▶ [What you should do]: Once you reach the line containing "キースイッチ/キー数:Cherry MX 茶軸 (tactile feel)/108キー" in the data below, restate each line word for word up to and including the one containing "Handmålning av kaffekoppar".

▶ [Recorded information]:
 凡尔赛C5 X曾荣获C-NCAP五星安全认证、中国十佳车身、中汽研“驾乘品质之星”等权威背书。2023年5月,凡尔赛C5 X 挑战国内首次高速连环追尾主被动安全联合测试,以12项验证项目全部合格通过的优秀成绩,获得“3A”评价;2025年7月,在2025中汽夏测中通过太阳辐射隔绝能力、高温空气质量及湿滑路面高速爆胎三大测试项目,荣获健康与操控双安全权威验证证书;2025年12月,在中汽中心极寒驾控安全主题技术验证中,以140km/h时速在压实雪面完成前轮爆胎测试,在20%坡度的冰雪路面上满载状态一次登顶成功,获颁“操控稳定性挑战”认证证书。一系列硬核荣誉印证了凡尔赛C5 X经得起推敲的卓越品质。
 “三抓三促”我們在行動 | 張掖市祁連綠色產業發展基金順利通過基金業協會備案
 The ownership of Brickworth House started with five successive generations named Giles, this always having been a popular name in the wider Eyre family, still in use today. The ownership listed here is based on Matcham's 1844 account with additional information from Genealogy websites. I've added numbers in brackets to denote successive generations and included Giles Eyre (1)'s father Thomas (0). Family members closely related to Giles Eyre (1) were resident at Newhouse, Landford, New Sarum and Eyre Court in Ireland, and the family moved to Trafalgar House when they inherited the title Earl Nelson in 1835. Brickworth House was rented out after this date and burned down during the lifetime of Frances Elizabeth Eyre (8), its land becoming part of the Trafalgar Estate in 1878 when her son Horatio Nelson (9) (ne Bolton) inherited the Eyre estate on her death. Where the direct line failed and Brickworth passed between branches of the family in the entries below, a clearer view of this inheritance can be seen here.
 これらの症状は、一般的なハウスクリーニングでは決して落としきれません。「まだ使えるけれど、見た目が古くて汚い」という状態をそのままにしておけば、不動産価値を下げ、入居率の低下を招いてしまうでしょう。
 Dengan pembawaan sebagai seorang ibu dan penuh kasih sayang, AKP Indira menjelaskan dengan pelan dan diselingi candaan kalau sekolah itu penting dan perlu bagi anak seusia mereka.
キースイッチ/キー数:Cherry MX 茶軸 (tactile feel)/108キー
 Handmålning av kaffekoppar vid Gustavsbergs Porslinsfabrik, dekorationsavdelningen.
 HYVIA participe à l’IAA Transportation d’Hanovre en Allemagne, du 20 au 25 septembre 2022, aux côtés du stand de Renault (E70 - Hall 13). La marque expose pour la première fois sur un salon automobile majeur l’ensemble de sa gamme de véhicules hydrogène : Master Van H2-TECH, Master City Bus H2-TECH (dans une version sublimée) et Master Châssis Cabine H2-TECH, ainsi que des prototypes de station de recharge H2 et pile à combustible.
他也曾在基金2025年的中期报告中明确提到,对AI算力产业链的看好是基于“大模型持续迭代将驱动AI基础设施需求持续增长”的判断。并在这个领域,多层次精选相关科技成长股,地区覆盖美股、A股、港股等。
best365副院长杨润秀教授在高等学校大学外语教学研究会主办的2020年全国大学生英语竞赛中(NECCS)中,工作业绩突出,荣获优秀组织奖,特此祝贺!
==
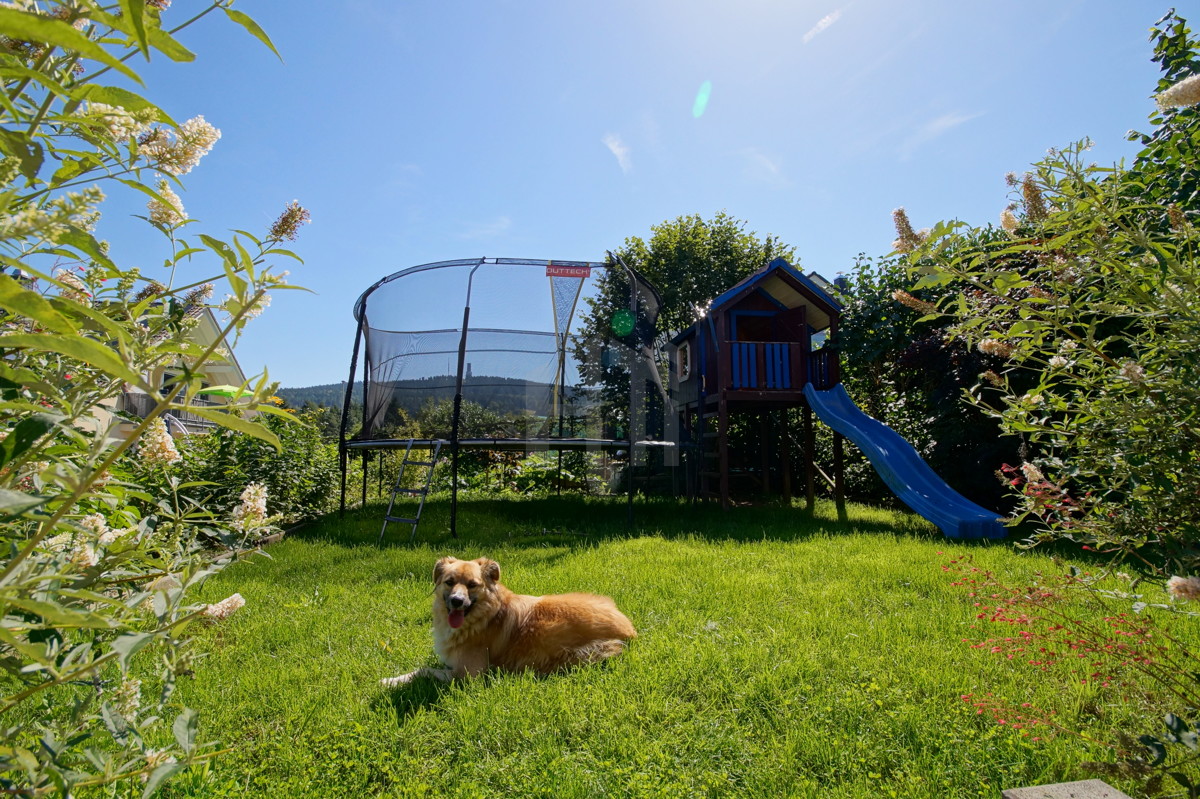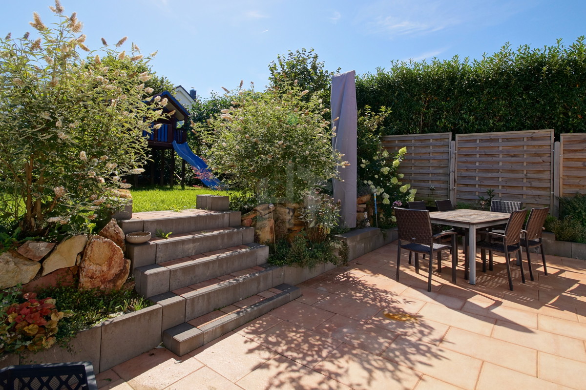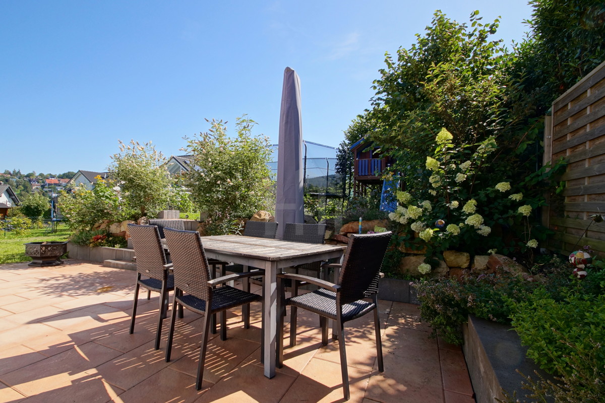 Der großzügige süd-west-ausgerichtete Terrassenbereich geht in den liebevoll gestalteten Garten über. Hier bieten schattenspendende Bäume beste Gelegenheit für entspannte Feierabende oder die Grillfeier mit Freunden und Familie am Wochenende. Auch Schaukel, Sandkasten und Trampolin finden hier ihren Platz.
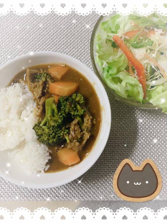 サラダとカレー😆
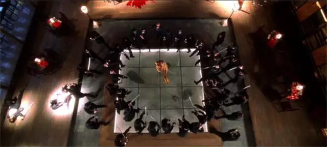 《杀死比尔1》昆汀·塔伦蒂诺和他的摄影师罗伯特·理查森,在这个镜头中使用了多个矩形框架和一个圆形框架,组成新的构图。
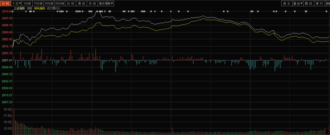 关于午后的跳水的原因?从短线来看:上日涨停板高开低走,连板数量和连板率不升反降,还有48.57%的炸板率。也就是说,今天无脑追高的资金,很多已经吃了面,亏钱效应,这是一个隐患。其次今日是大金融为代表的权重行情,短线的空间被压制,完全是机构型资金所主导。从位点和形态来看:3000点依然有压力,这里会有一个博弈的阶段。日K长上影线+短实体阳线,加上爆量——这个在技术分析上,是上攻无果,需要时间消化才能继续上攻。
---
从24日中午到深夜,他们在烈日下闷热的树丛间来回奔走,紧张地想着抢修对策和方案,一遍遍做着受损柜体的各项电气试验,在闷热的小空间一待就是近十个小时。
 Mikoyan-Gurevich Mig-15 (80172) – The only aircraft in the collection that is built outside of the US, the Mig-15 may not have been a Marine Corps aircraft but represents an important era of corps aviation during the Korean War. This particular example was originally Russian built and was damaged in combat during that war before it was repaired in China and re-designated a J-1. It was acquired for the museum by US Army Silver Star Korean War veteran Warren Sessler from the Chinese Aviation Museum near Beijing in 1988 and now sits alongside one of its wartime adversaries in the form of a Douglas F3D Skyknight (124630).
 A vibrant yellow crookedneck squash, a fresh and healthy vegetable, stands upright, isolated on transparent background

▶ [Solution for this problem]:
キースイッチ/キー数:Cherry MX 茶軸 (tactile feel)/108キー
 Handmålning av kaffekoppar vid Gustavsbergs Porslinsfabrik, dekorationsavdelningen.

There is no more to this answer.